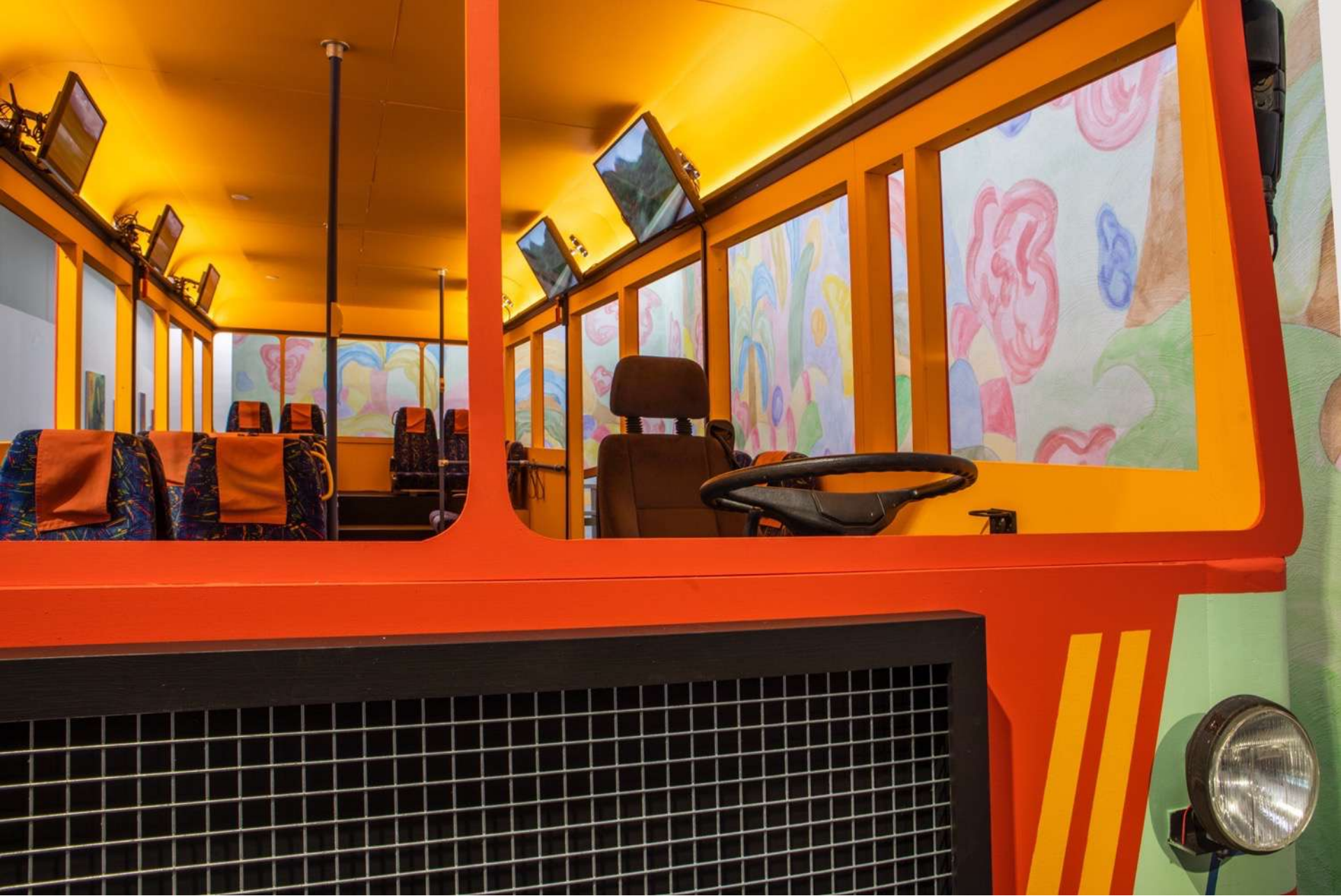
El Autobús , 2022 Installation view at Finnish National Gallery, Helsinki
---------------
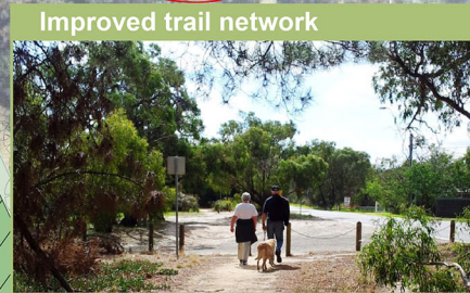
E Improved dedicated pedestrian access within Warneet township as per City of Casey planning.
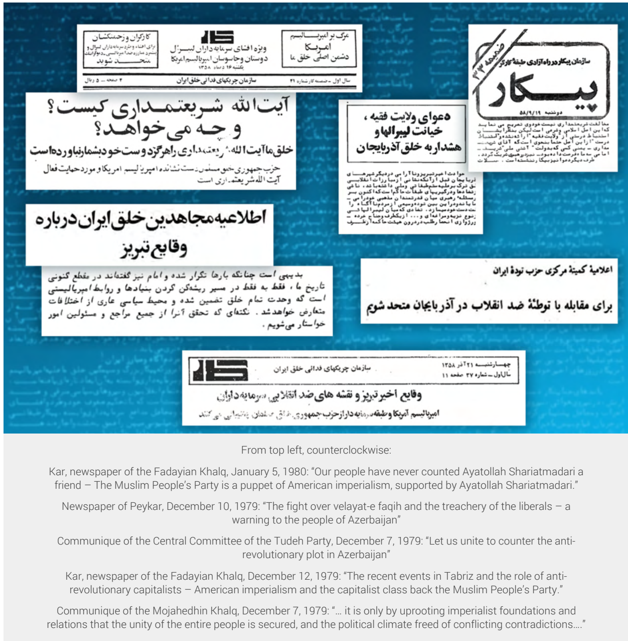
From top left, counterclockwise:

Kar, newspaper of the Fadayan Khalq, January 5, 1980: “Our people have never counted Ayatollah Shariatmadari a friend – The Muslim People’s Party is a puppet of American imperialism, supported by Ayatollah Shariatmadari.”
---------------
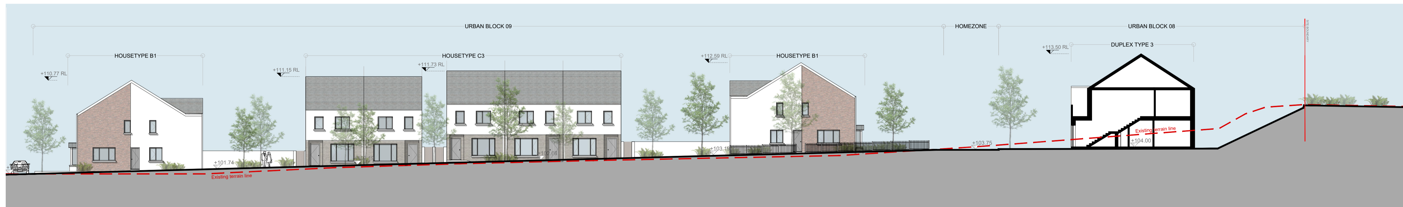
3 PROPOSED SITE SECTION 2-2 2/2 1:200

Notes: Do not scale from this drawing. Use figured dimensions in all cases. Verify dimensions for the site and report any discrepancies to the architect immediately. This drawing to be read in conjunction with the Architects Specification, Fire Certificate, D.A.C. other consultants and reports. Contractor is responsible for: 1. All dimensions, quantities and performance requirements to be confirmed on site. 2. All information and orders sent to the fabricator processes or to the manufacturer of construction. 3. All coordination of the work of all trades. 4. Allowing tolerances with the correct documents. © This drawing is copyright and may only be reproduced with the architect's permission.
---------------
Assigned task> Restate word for word only the lines above from the line containing "3 PROPOSED SITE SECTION 2-2 2/2 1:200" to the line containing "Notes: Do not", both of them included.

Written response>
3 PROPOSED SITE SECTION 2-2 2/2 1:200

Notes: Do not scale from this drawing. Use figured dimensions in all cases. Verify dimensions for the site and report any discrepancies to the architect immediately. This drawing to be read in conjunction with the Architects Specification, Fire Certificate, D.A.C. other consultants and reports. Contractor is responsible for: 1. All dimensions, quantities and performance requirements to be confirmed on site. 2. All information and orders sent to the fabricator processes or to the manufacturer of construction. 3. All coordination of the work of all trades. 4. Allowing tolerances with the correct documents. © This drawing is copyright and may only be reproduced with the architect's permission.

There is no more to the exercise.